Alboroto y motín de los indios de México
Roberto Culebro
Como el de Carlos II, el cuerpo político de la Nueva España del siglo XVII era deforme,
inútil y medio imbécil. ¿De qué otra manera se explica, leyendo Alboroto y motín de los
indios de México, que una panda de ídems ahogados de pulque hasta las pestañas lograra
quemar, con la sola ayuda de sus vicios, el palacio virreinal y el ayuntamiento? Aquí hay
o indios muy cabrones o gachupines muy ineptos. O ambos, si tenemos en cuenta que los
indios eran emisarios del diablo y los gachupines venían de una España gobernada por un
friqui de barraca.
A esto se resume todo. Porque si una cosa queda clara tras leer la larga (y
tendenciosa) misiva de don Carlos S&G, además de que la condición intrínseca del
mexicano es la peste bíblica, sería que al final de toda desgracia se encuentra nuestra
repetida incapacidad para lidiar con ella, la imagen de un gobierno completamente
superado por una realidad que se niega sistemáticamente a reconocer y que surge como
un estacazo en la frente sólo para ser considerada una simple borrachera de domingo.
Políticamente, la visión de la carta es detestable, un alegato que busca probar que
la sublevación de 1692 fue injustificada y que la eficacia del gobierno fue siempre
irreprochable. Sin embargo, el mundo que narra es menos interesante para nosotros que el
vidrio verde a través del cual está descrito, ese tono adulador, servil y condescendiente
hasta la nausea. Y es que don Carlos no es menos monstruoso que el reino en el que vive.
Más papista que el papa, la figura de Sigüenza y Góngora es la del criollo por
antonomasia, una consciencia cuyo drama radica en saberse suspendido en medio de dos
frentes. Uno, el peninsular, civilizado, al que con desesperación aspira; otro, el
americano, ese pedazo de tierra sumido todavía en la barbarie en el que, para bien o para
mal, le tocó nacer; una identidad a la que no es para nada indiferente pero que contempla
con recelo.
Para quien está al tanto del trabajo de S&G en cuanto a su rescate del arte y los
mitos prehispánicos, esta carta desconcierta. O no lo hace, a la luz de lo que vendría
después: esa paradoja que es el pensamiento americano. Al igual que Vasconcelos,
parecería que para este erudito mexicano los únicos indios honorables son los indios
muertos. Sólo de ellos puede estar uno orgulloso, pues su figura ya domesticada no
interfiere con la presunción de habitar un rincón, lejano si se quiere, de occidente.

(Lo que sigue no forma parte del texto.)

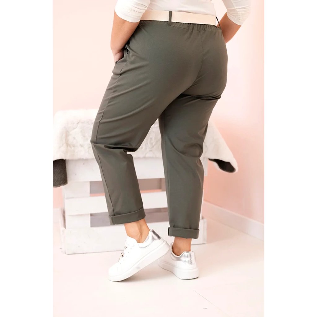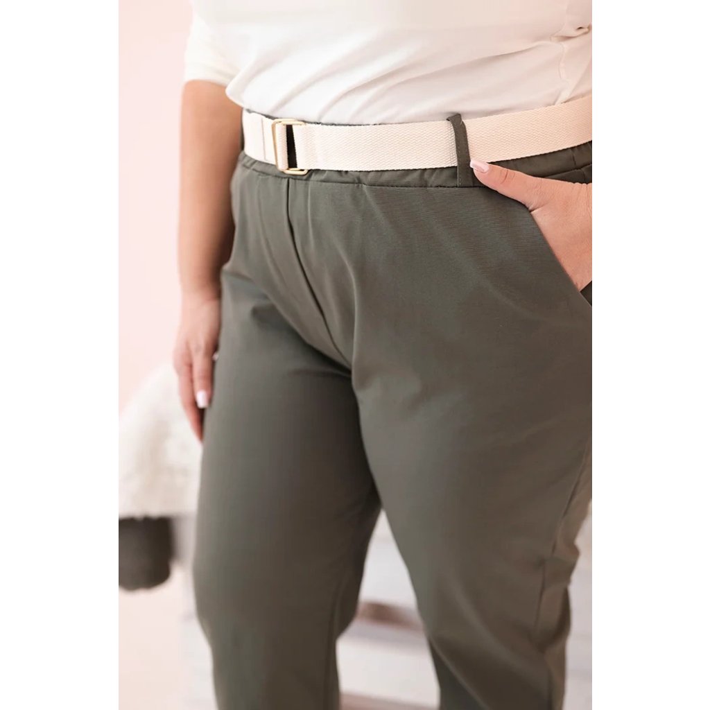 Dámské bavlněné kalhoty Plus Size s páskem khaki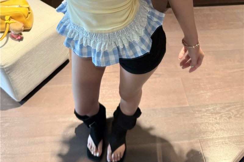 Two-Piece Ruffle Scoop Neck Mock Trim T-Shirt Fit Short-Sleeve Slim Plaid Panel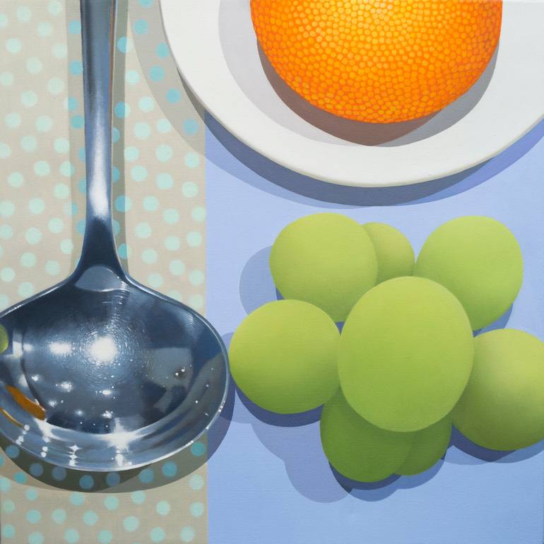 A formal arrangement of an orange on a plate, some grapes and a spoon and a companion piece to Book. Lemon. Spoon. By painting larger than life size, I wanted to open these forms up to become spaces; in the spoon a reflected room, or perhaps a starry night and the orange a large shere, a world maybe...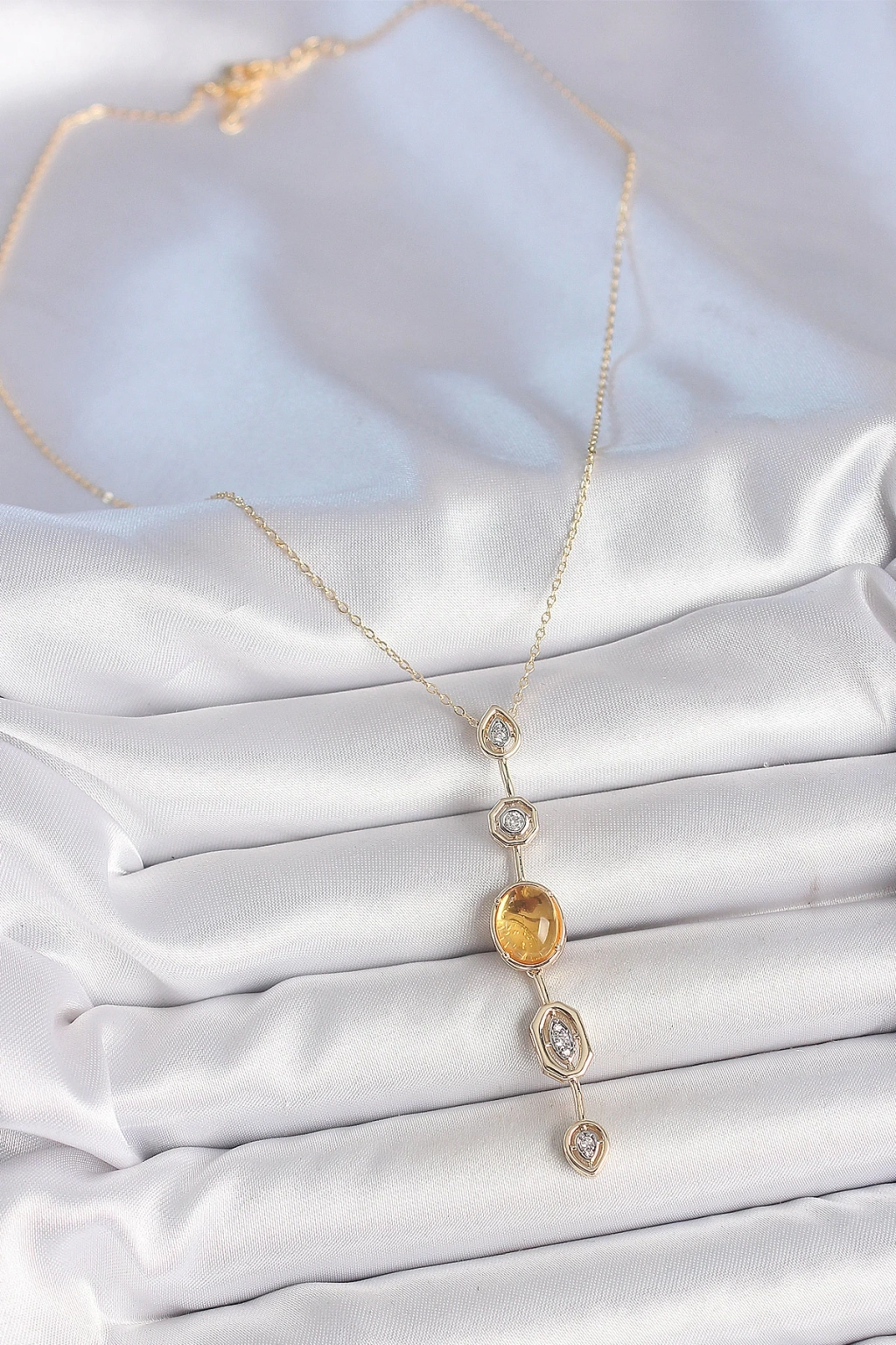 Dodes Dodes Pirinç Zincir Kehribar Sarı Gold Renk Zirkon Taşlı Y Kolye TG27BKO10230

Más que un texto descriptivo, la narración de Sigüenza y Góngora es un
distanciamiento, el intento por alejarse de ese otro que lo constituye; un atisbo de la
violencia que subyace en una sociedad parida en el conflicto y que horroriza al astrólogo.
Es, también, una constante lucha por hacer desaparecer esa fracción sojuzgada que lo
compone, por desafanarse de ese ninguneo al que se siente invariablemente proscrito y
que dispone ese “vivir otro mundo dentro de otro mundo” del que habla Bolívar
Echeverría. Las contradicciones de un señorito acomplejado, a fin de cuentas.
Y sobre esa piedra está construida nuestra iglesia.